--- START ---

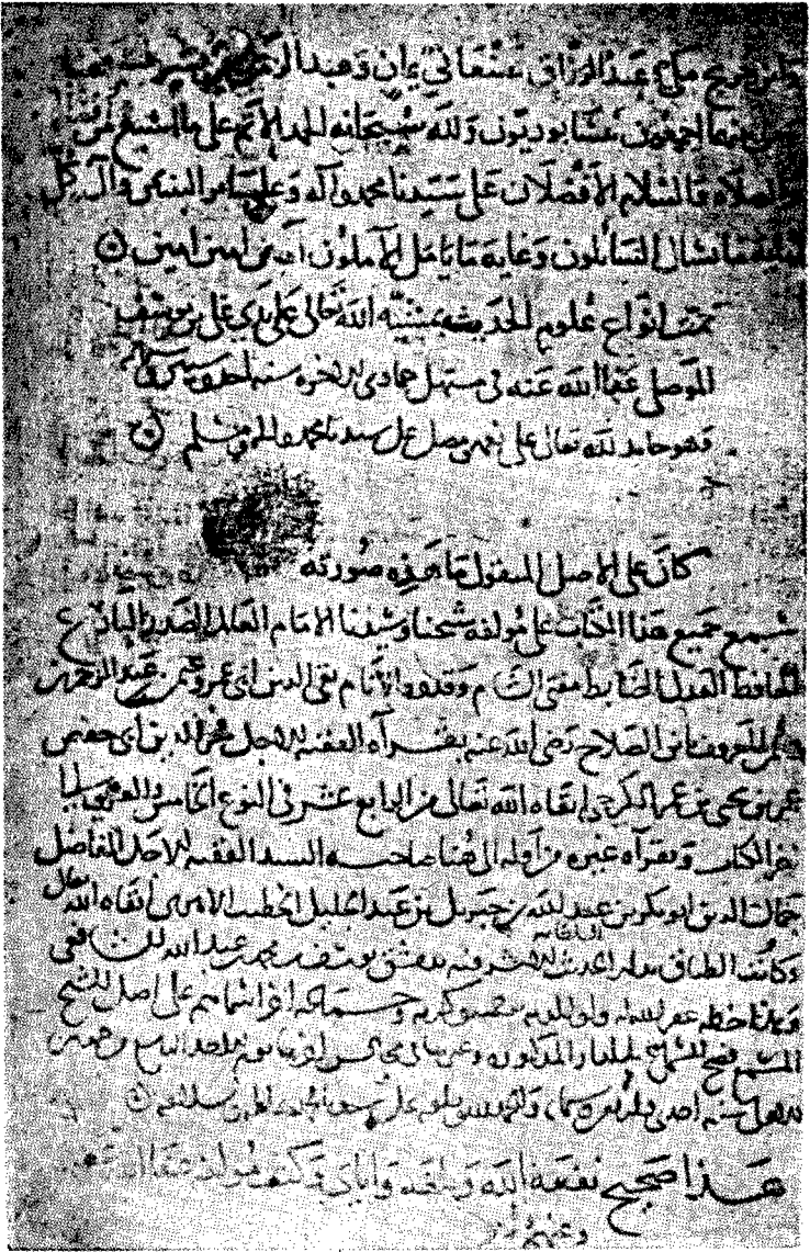
الصفحة الأخيرة من نسخة الموصل (ص) وعليها توقيعه بتاريخ الفراغ من نسخها سنة ٦٦١ هـ وبعد، نقلاً عن أصل نسخته، سماع الكتاب بالإسناد المتصل إلى ابن الصلاح، قراءة عليه في سنة ٦٤١ هـ، ثم توقيع ابن الصلاح بتصحيح السماع
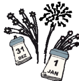
das Neue Jahr
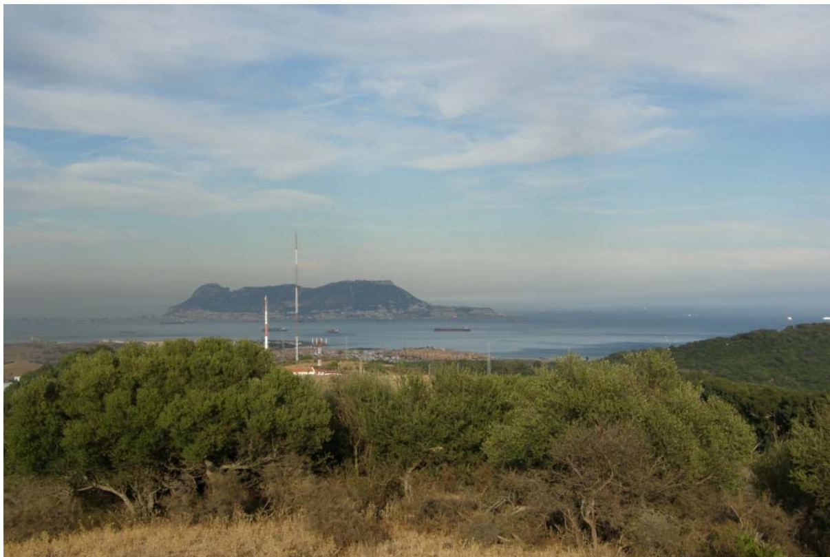
Gibraltar ve dne

Ráno se nepředstavitelný „cancour“ proměňuje stále silněji v monumentální skutečnost. Pomalu se vynořuje z okolní mlhy a my jej poznáváme v celé jeho velikosti. Kdo jej nikdy neviděl, jen těžko pochopí.
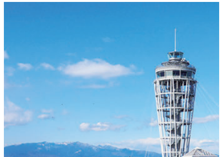
江の島展望灯台チケットプレゼント
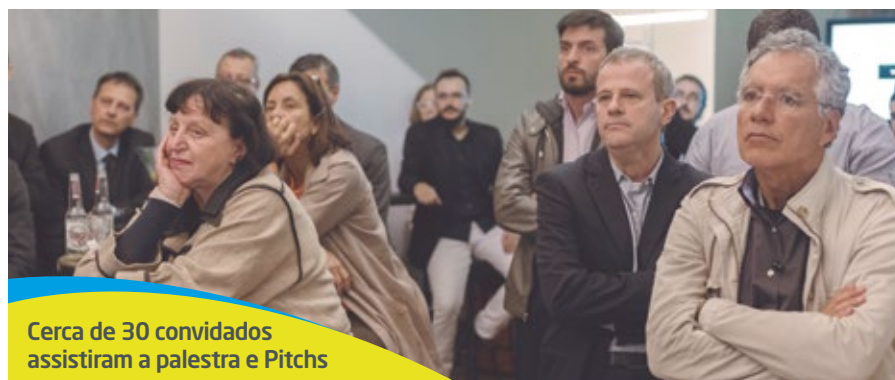
Cerca de 30 convidados assistiram a palestra e Pitches

A cobertura completa do evento está no YouTube no endereço: https://www.youtube.com/c/rmttelecom
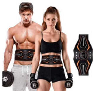
Estimulador Muscular Tonificador
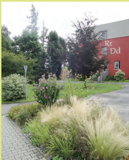
U základní školy
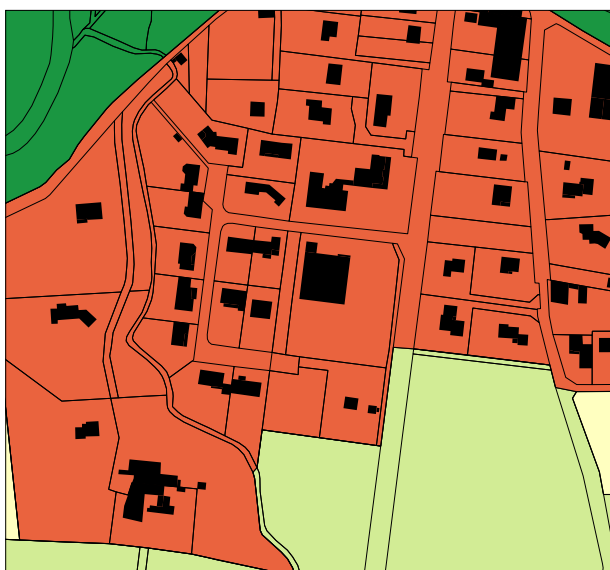
Zone UB avant modification

Il convient de souligner que le projet du magasin UTILE se réalise sur une parcelle déjà urbanisée, sans extension de l'enveloppe bâtie et sans augmentation de l'imperméabilisation / artificialisation des sols.

--- END ---

Output exactly and only the lines from the line containing "Ráno se nepředstavitelný" to the end of the entries, both included, and omit every picture.

Ráno se nepředstavitelný „cancour“ proměňuje stále silněji v monumentální skutečnost. Pomalu se vynořuje z okolní mlhy a my jej poznáváme v celé jeho velikosti. Kdo jej nikdy neviděl, jen těžko pochopí.
江の島展望灯台チケットプレゼント
Cerca de 30 convidados assistiram a palestra e Pitches

A cobertura completa do evento está no YouTube no endereço: https://www.youtube.com/c/rmttelecom
Estimulador Muscular Tonificador
U základní školy
Zone UB avant modification

Il convient de souligner que le projet du magasin UTILE se réalise sur une parcelle déjà urbanisée, sans extension de l'enveloppe bâtie et sans augmentation de l'imperméabilisation / artificialisation des sols.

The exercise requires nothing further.